Why it Matters: The overall index stabilized to a neutral reading despite demand measures continuing to be in contractionary territory. Increases in price measures and a move higher in delivery times (to neutral) also show some persistence in supply-side impairments. Drops in the workweek and backlog of orders continue the common theme of reduced capacity needs. The future outlook also, as seen elsewhere, gave a mixed picture of future demand expectations with the desire to raise headcount countering drops in new order expectations.
*The KC Fed’s Manufacturing survey stabilized, but the sub-index level showed demand continues to contract and employment needs cooling
*Gains in new orders and production helped stabilize the headline but remain negative as 8 of 13 subindexes are in contractionary territory.

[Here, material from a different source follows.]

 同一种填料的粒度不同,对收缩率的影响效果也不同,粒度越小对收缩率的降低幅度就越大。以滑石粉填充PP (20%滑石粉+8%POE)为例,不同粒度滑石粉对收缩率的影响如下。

The Conference Board Leading Economic Index fell by 1.0% in December to 110.5 and is now down 4.2% over the past six months. The financial component's negative contribution in December mainly came from a worsening in the lead credit index and the change in the Treasury curve. The nonfinancial part of the LEI contributed more negatively. The largest detractors were due to declines in ISM New Orders and Average Work Week.
Why it Matters: December did not see any notable change in the current negative LEI trend, with the CB’s LEI index summarizing already known data releases and market price moves that were increasingly negative. However, similar to the Chicago Fed’s CFSEC, it still nicely summarizes some key data that has had a history of being more “leading” indicators of future growth. “The U.S. LEI fell sharply again in December, continuing to signal recession for the U.S. economy in the near term,” said Ataman Ozyildirim, Senior Director, Economics, at The Conference Board. “There was widespread weakness among leading indicators in December, indicating deteriorating conditions for labor markets, manufacturing, housing construction, and financial markets in the months ahead. Meanwhile, the coincident economic index (CEI) has not weakened in the same fashion as the LEI because labor market-related indicators (employment and personal income) remain robust. Nonetheless, industrial production, also a component of the CEI, fell for the third straight month. Overall economic activity is likely to turn negative in the coming quarters before picking up again in the final quarter of 2023.”

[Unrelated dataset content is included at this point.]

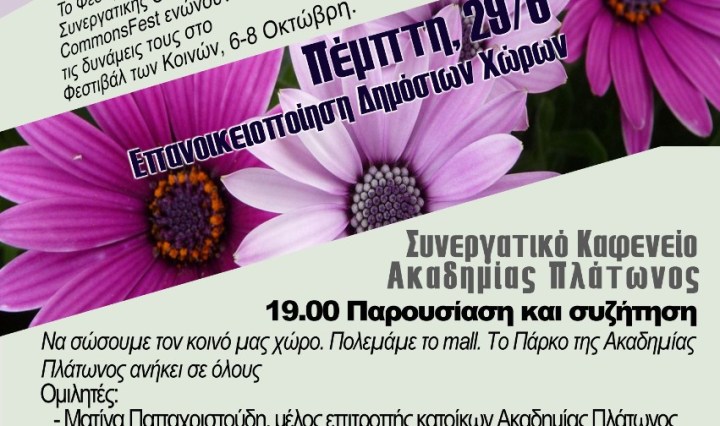 Την Πέμπτη 29/06, θα βρεθούμε στο Συνεργατικό Καφενείο Ακαδημίας Πλάτωνος (Μοναστηρίου 140) με σκοπό να ενημερωθούμε, να στηρίξουμε τους αγώνες για την επανοικειοποίηση των Δημόσιων Χώρων και να δείξουμε έμπρακτα την αλληλεγγύη μας στους αγώνες που δίνονται από τους κατοίκους για το Πάρκο στην Ακαδημία Πλάτωνος.

*The six-month LEI growth rate is signaling a recession is coming
*Recession indicators are more pronounced in the non-financial components of the LEI currently
Policy Talk:
Going into next week’s FOMC meeting, the Fed has signaled it will increasingly be marked-to-market in using incoming data to determine the future policy path. Speakers last week on both sides of the dove-hawk spectrum, as seen from Brainard and Waller, indicated a belief that a soft landing was still possible while inflation moderated back to target. This is an increasingly risk-friendly development and reduces worries the Fed will push back on financial condition easing. Further, the data has generally continued to cooperate, as real economic activity measures cooled in December, while inflation readings and expectations continue to trend lower. When accounting for leading indicators in labor, such as weekly hours and temp hiring, it also looks like things are increasingly loosening there.
*Despite the recent loosening in financial conditions, the move tighter last year will increasingly hit the real economy in Q1
*PCE Deflator is quickly approaching the Fed funds rate level, with the three-month annualized now below
This means, despite the now mandatory statement that inflation remains too high, policymakers increasingly believe that policy is approaching an appropriately restrictive level to rebalance supply and demand back to a level that will drive core PCE back towards target, likely by early 2024. As a result, whether the Fed raises by another 50 bps or not in Q1 is no longer the market's focus, and instead, the duration at the terminal rate and even QT is increasingly in focus.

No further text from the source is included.